Top of EXCERPTED DATA
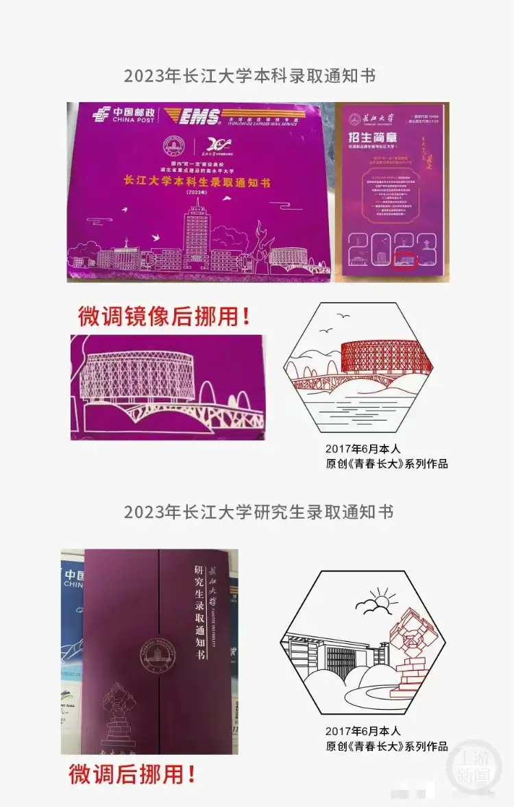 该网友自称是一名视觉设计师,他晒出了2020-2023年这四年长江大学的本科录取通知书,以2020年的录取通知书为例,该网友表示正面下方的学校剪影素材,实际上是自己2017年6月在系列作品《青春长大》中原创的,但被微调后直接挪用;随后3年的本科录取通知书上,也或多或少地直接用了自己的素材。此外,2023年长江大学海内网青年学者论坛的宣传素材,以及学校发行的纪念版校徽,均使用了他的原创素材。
Bottom of EXCERPTED DATA
Top of EXCERPTED DATA
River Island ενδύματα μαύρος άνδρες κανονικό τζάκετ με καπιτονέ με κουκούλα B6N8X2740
Bottom of EXCERPTED DATA
Top of EXCERPTED DATA
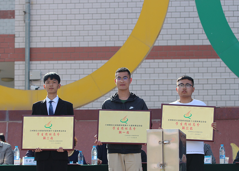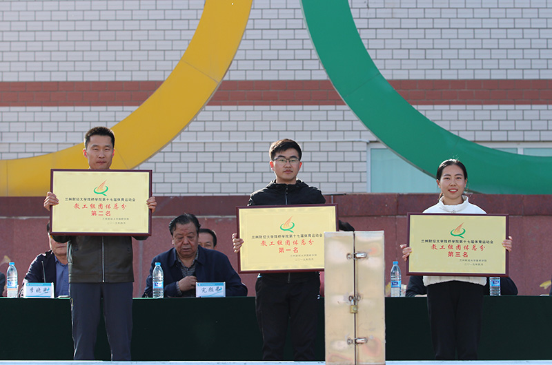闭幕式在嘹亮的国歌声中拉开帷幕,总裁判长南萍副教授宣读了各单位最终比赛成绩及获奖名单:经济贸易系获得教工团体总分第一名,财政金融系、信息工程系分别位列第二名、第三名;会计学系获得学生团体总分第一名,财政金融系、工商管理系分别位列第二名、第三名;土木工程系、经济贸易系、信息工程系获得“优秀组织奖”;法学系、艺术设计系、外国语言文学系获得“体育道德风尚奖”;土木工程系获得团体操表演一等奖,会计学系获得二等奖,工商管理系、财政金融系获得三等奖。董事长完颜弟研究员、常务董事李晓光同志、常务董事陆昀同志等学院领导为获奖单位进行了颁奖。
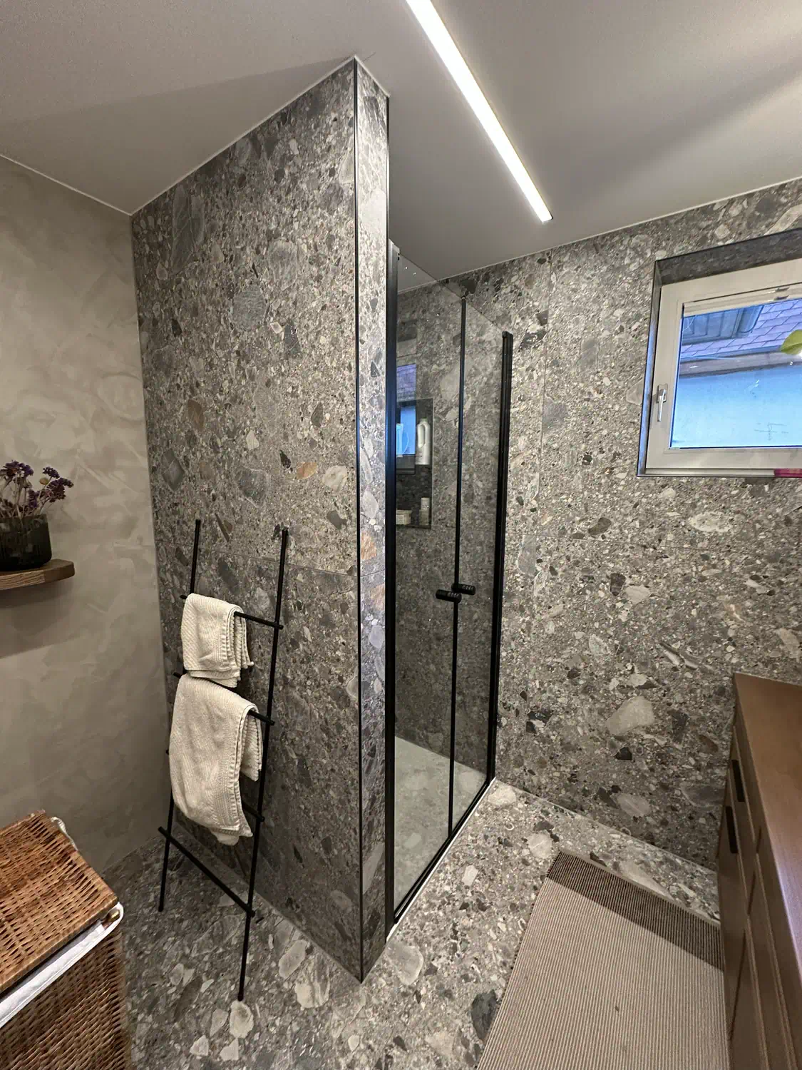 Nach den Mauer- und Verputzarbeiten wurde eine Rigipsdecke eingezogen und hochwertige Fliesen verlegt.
Bottom of EXCERPTED DATA
# WHAT TO DO:
Reproduce, word for word, only the lines in the records above from the line with "闭幕式在嘹亮的国歌声中拉开帷" through the line with "Nach den Mauer- und", including both ends; omit the pictures.

# RESPONSE:
闭幕式在嘹亮的国歌声中拉开帷幕,总裁判长南萍副教授宣读了各单位最终比赛成绩及获奖名单:经济贸易系获得教工团体总分第一名,财政金融系、信息工程系分别位列第二名、第三名;会计学系获得学生团体总分第一名,财政金融系、工商管理系分别位列第二名、第三名;土木工程系、经济贸易系、信息工程系获得“优秀组织奖”;法学系、艺术设计系、外国语言文学系获得“体育道德风尚奖”;土木工程系获得团体操表演一等奖,会计学系获得二等奖,工商管理系、财政金融系获得三等奖。董事长完颜弟研究员、常务董事李晓光同志、常务董事陆昀同志等学院领导为获奖单位进行了颁奖。
 Nach den Mauer- und Verputzarbeiten wurde eine Rigipsdecke eingezogen und hochwertige Fliesen verlegt.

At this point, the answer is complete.